First, suppose we have a fair coin flip, $P(X=0) = P(X=1) = 0.5$. How much information is conveyed by a single coin flip? For $X = 0$, we have $I(0) = \log_2(1/0.5) = 1$ bit. For $X = 1$, we have $I(1) = \log_2(1/0.5) = 1$ bit.

If I tell you what $X$ is I’m giving you 1 bit of information, regardless of whether $X=0$ or $X=1$. In other words, $X$ carries 1 bit of information.

Now, suppose the two possibilities don’t have the same probabilities. For example, $X$ may represent the weather (sunny vs cloudy/rainy/snowy) in Pasadena, CA, with $P(🌞) = 0.75, P(🌧) = 0.25$.

For $X = 🌞$, we have $I(🌞) = \log_2(1/0.75) = 0.415$ bits.
For $X = 🌧$, we have $I(🌧) = \log_2(1/0.25) = 2$ bits.
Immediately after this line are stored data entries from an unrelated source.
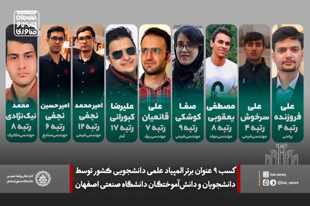 کسب 9 عنوان برتر المپیاد علمی دانشجویی کشور توسط دانشجویان و دانش آموختگان دانشگاه صنعتی اصفهان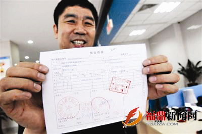 6日下午,龙湾农村合作银行小额保证保险贷款发放仪式在天河支行举行。图为温州市月球胶木电器有限公司陈先生的第一个签单,他6日下午拿到了借款借据。金鱼 摄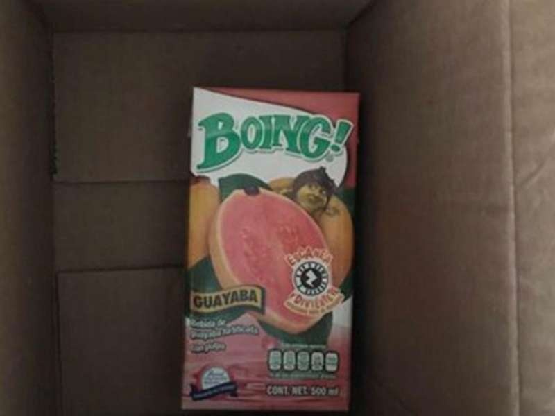 Según mostró el hombre en sus redes, en el envío sólo había un jugo Boing de sabor guayaba.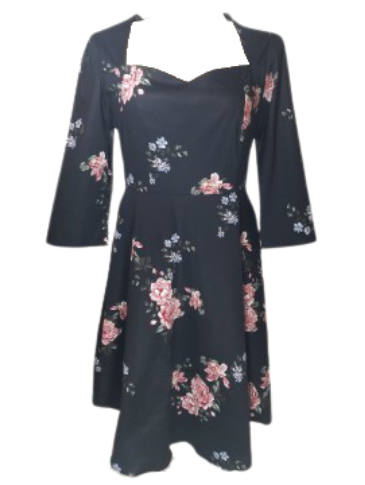 Dress, Plus, 1XL, Flowers, Side Zipper, Black, Blue, Salmon, Green

In one case, the weather conveys less than 1 bit, and in the other (rarer) case, more than 1 bit. So how much information does knowing $X$ give you?
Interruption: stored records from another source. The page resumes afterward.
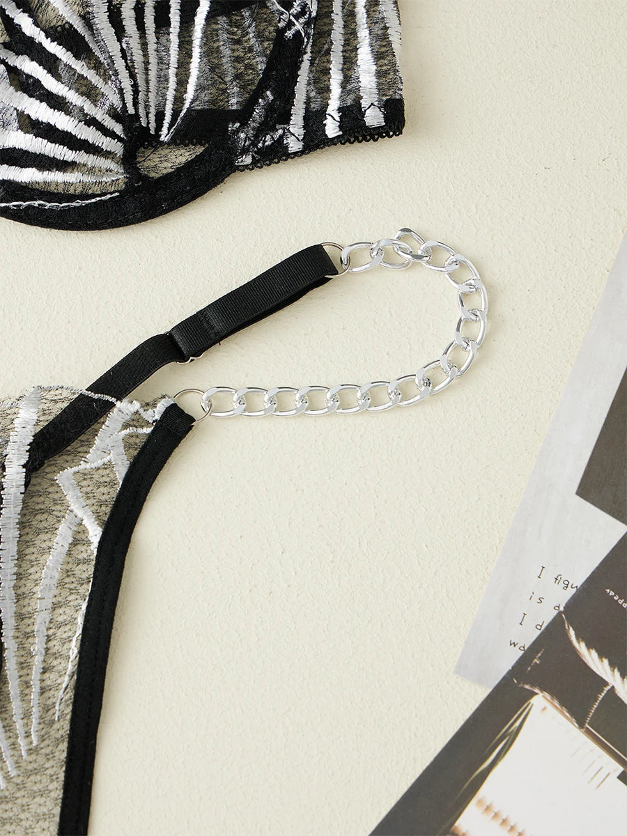 Women's Erotic Naughty Lingerie Sets Metal Chain Shoulder Strap Lace Bra and ThongSize (cm)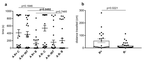The time spent in the individual parts of the MA by ticks did not differ significantly. However, when comparing the time spent in the parts of the apparatus only in Rickettsia-infected and uninfected ticks, which were active in locomotion, a significant difference was observed. Infected ticks spent significantly more time than uninfected ticks (p = 0.0492) in INT (Figure 5a).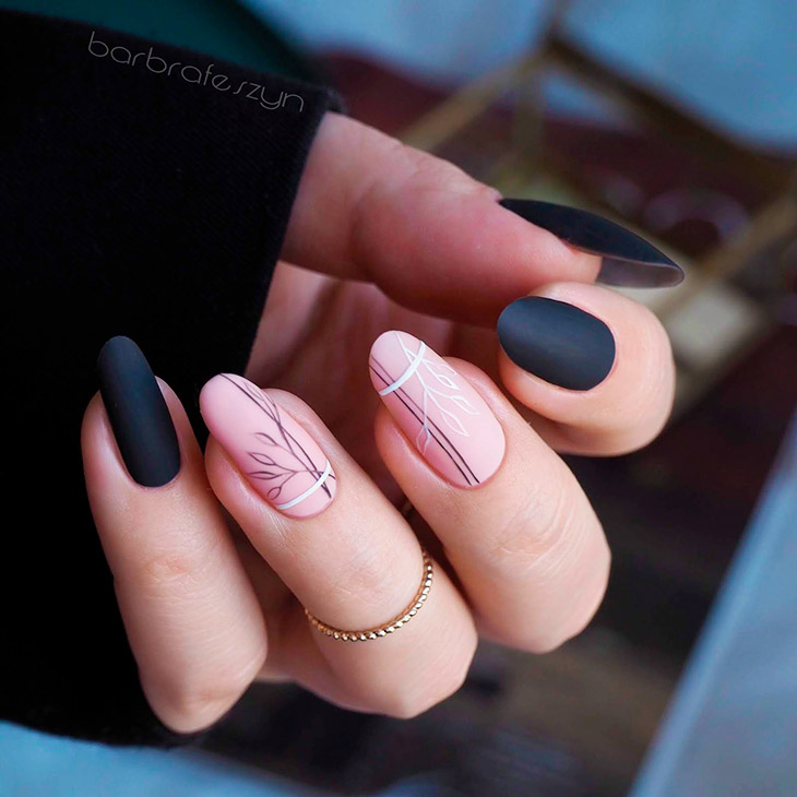Нюдовый черный маникюр – отличное решение для девушек, которые хотят создать классический лук. Дизайн выглядит женственно и просто, делает ногти красивыми и лаконичными. Нейл-арт уникален и отлично подойдет для работы в офисе, отпуска и праздников.

When outcomes have different probabilities, how do we define the amount of information in the random variable? One way to approach this is to consider a sequence of trials. For example, suppose below is a sequence of weather conditions for $N$ days, assuming independence:

\[🌞🌞🌧🌞🌞🌧🌞🌞🌞🌞🌧🌞🌞🌞🌧🌞\cdots🌞🌞\]

We can think of the amount of information conveyed by the weather in one day as the total amount of information divided by the number of days. There are approximately $3N/4$ sunny days, each with $I(🌞)=0.415$ bits of information, and $N/4$ cloudy/rainy days with $I(🌧)=2$ bits of information. So the total information is

\[\frac{N}4 I\left(🌧\right) + \frac{3N}4 I\left(🌞\right) = \left(\frac14 I\left(🌧\right) + \frac{3}4 I\left(🌞\right)\right)N = 0.81N\ bits.\]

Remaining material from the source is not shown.